## What you should do
Transcribe the data that follows without changing a word, and omit the pictures.

## Data for processing
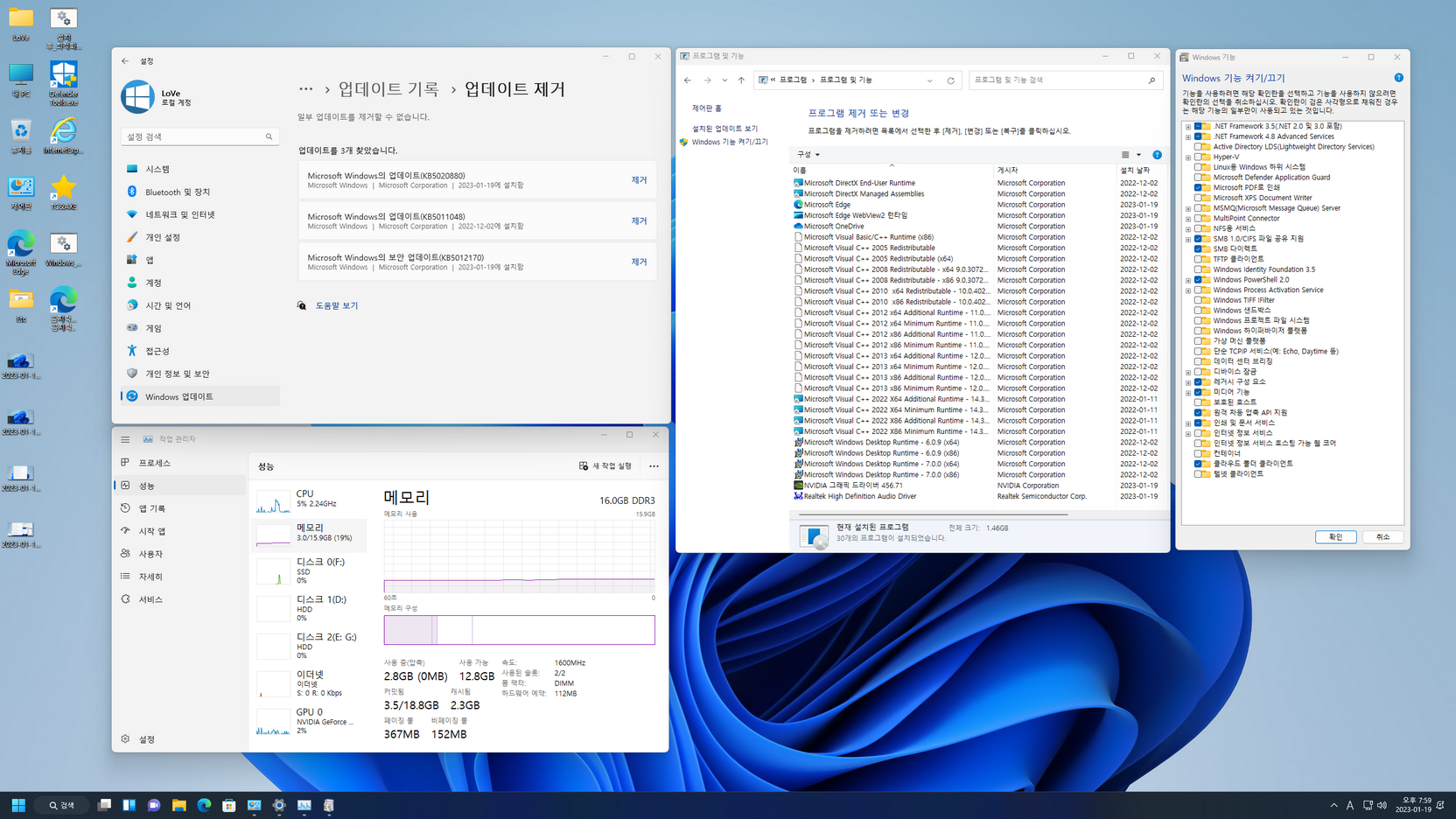 - Windows 업데이트 서비스 및 드라이버 자동 설치 비활성화
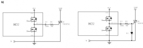 使用正電流驅(qū)動SCR很容易。如果SCR的陰極連接VSS端子,如圖1a所示,當控制電路(通常是微控制器)的輸出引腳置高電平時,控制電路向SCR柵極輸出電流。
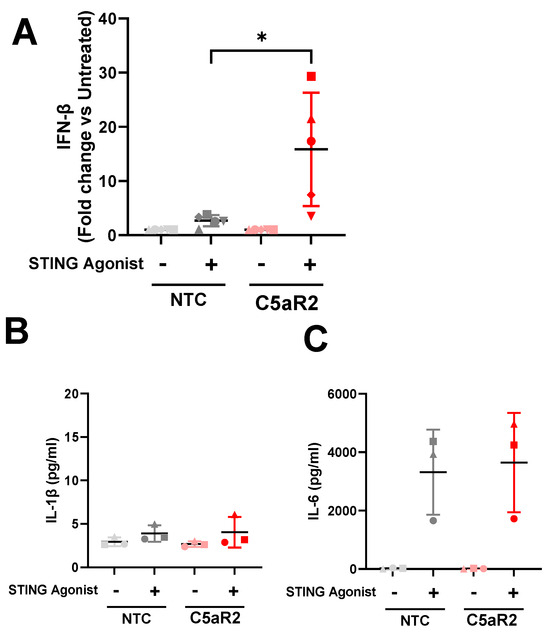 3.5. Confirmation of an Enhanced IFN-β Response to STING Agonism in Primary Human Macrophages with Reduced C5aR2
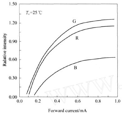 從圖2 的IF 與L 曲線可知, IF 的大小直接影響了L 。當(dāng)IF 達(dá)到一定值以后,L 基本趨于飽和。根據(jù)圖1 和圖2 的VF 、IF 和L 特性,在實(shí)際中通常用VF 的方式驅(qū)動(dòng)LED ,用串連電阻值的大小調(diào)整LED 的RGB 三基色的IF 使其L 一致。而系統(tǒng)對(duì)RGB 三基色的IF 的調(diào)整,是以常溫為基本的標(biāo)準(zhǔn)。
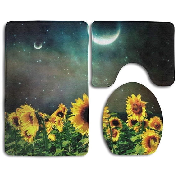 Hero image 0 of PUDMAD Moon Sunflowerss 3 Piece Bathroom Rugs Set Bath Rug Contour Mat and Toilet Lid Cover, 0 of 2
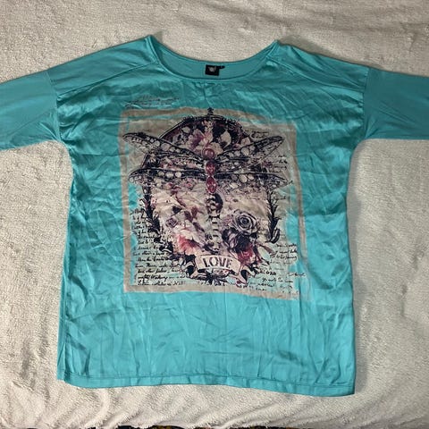 Myydään Polan uusi kesäinen hedelmäkuvioinen pusero jossa ribbikaulus, joten voi pitää olkapäät paljaina. Hihansuissa kuminauhat. Koko XL, 48/50.
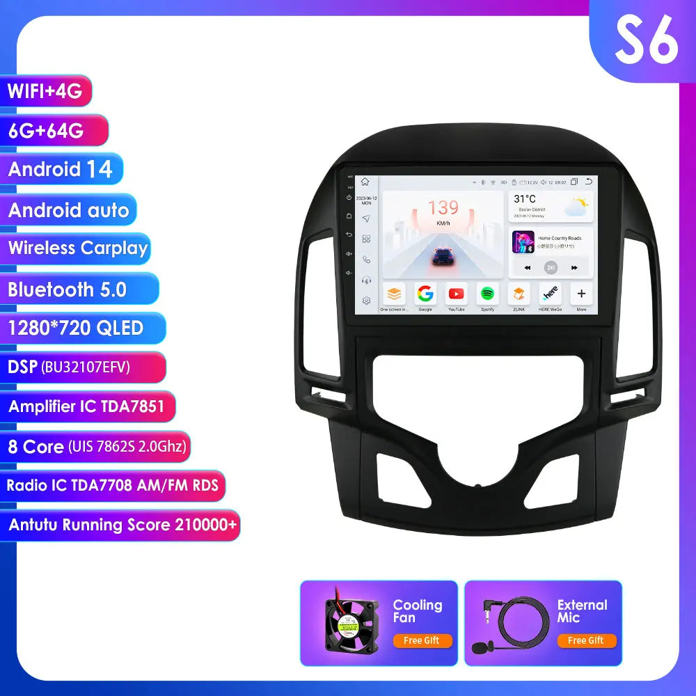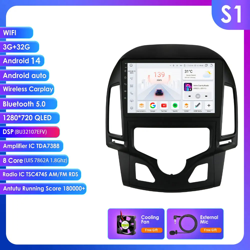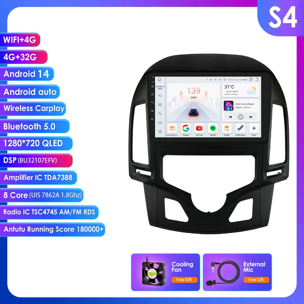 Hyundai I30 2006-2011 9" / 10,33" Android 14 Carplay Android auto wireless wifi bt gps 4g AUTMQS31
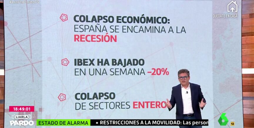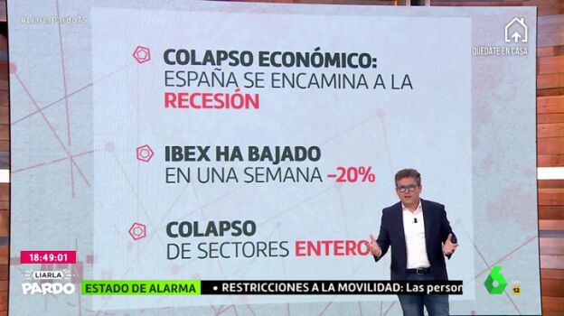 Vidal ha expuesto en el programa la serie de factores que podrían perjudicar seriamente la economía española, y, por tanto, el bolsillo de los ciudadanos. A destacar: que España y los países europeos se encaminan a una nueva recesión, que se ha producido un colapso de sectores enteros por la paralización de la producción a razón de la epidemia y que el Ibex ha bajado en una semana hasta el 20%.
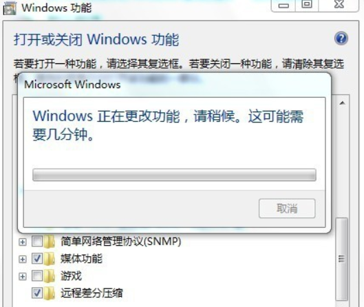 4、这是弹出一个对话框“Windows正在更改功能,请稍候。这可能需要几分钟。”你只需要耐心等待一下就好了
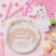 Plato De Papel Retro Dos Groovy Chica Arcoiris Segundo cumpleaños
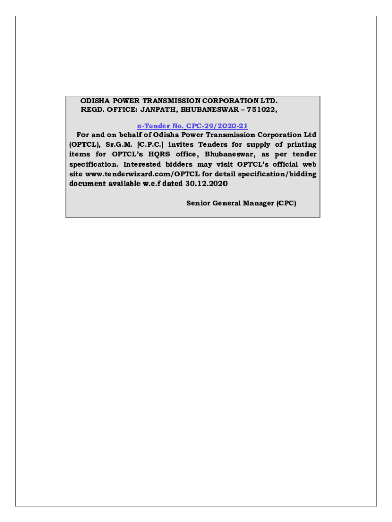 ODISHA POWER TRANSMISSION CORPORATION LTD. RED. OFFICE: WARPATH, BHUBANESWAR 751022, tender No. CPC29/202021 For and on behalf of Odisha Power Transmission Corporation Ltd (OP TCL), Sr. G.M. [C.P.C.]
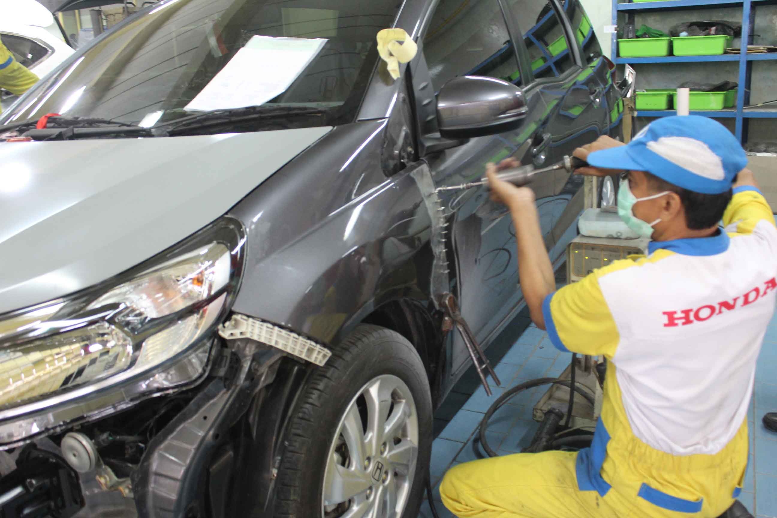 Perbaikan kendaraan pasca tabrakan atau kecelakaan seperti penyok, baret, perbaikan rangka/panel dan pengelasan. Terdiri dari proses Pembongkaran (Diassembly) dan Pengetokan (Beating)

## Solution for this problem
 - Windows 업데이트 서비스 및 드라이버 자동 설치 비활성화
 使用正電流驅(qū)動SCR很容易。如果SCR的陰極連接VSS端子,如圖1a所示,當控制電路(通常是微控制器)的輸出引腳置高電平時,控制電路向SCR柵極輸出電流。
 3.5. Confirmation of an Enhanced IFN-β Response to STING Agonism in Primary Human Macrophages with Reduced C5aR2
 從圖2 的IF 與L 曲線可知, IF 的大小直接影響了L 。當(dāng)IF 達(dá)到一定值以后,L 基本趨于飽和。根據(jù)圖1 和圖2 的VF 、IF 和L 特性,在實(shí)際中通常用VF 的方式驅(qū)動(dòng)LED ,用串連電阻值的大小調(diào)整LED 的RGB 三基色的IF 使其L 一致。而系統(tǒng)對(duì)RGB 三基色的IF 的調(diào)整,是以常溫為基本的標(biāo)準(zhǔn)。
 Hero image 0 of PUDMAD Moon Sunflowerss 3 Piece Bathroom Rugs Set Bath Rug Contour Mat and Toilet Lid Cover, 0 of 2
 Myydään Polan uusi kesäinen hedelmäkuvioinen pusero jossa ribbikaulus, joten voi pitää olkapäät paljaina. Hihansuissa kuminauhat. Koko XL, 48/50.
 Hyundai I30 2006-2011 9" / 10,33" Android 14 Carplay Android auto wireless wifi bt gps 4g AUTMQS31
 Vidal ha expuesto en el programa la serie de factores que podrían perjudicar seriamente la economía española, y, por tanto, el bolsillo de los ciudadanos. A destacar: que España y los países europeos se encaminan a una nueva recesión, que se ha producido un colapso de sectores enteros por la paralización de la producción a razón de la epidemia y que el Ibex ha bajado en una semana hasta el 20%.
 4、这是弹出一个对话框“Windows正在更改功能,请稍候。这可能需要几分钟。”你只需要耐心等待一下就好了
 Plato De Papel Retro Dos Groovy Chica Arcoiris Segundo cumpleaños
 ODISHA POWER TRANSMISSION CORPORATION LTD. RED. OFFICE: WARPATH, BHUBANESWAR 751022, tender No. CPC29/202021 For and on behalf of Odisha Power Transmission Corporation Ltd (OP TCL), Sr. G.M. [C.P.C.]
 Perbaikan kendaraan pasca tabrakan atau kecelakaan seperti penyok, baret, perbaikan rangka/panel dan pengelasan. Terdiri dari proses Pembongkaran (Diassembly) dan Pengetokan (Beating)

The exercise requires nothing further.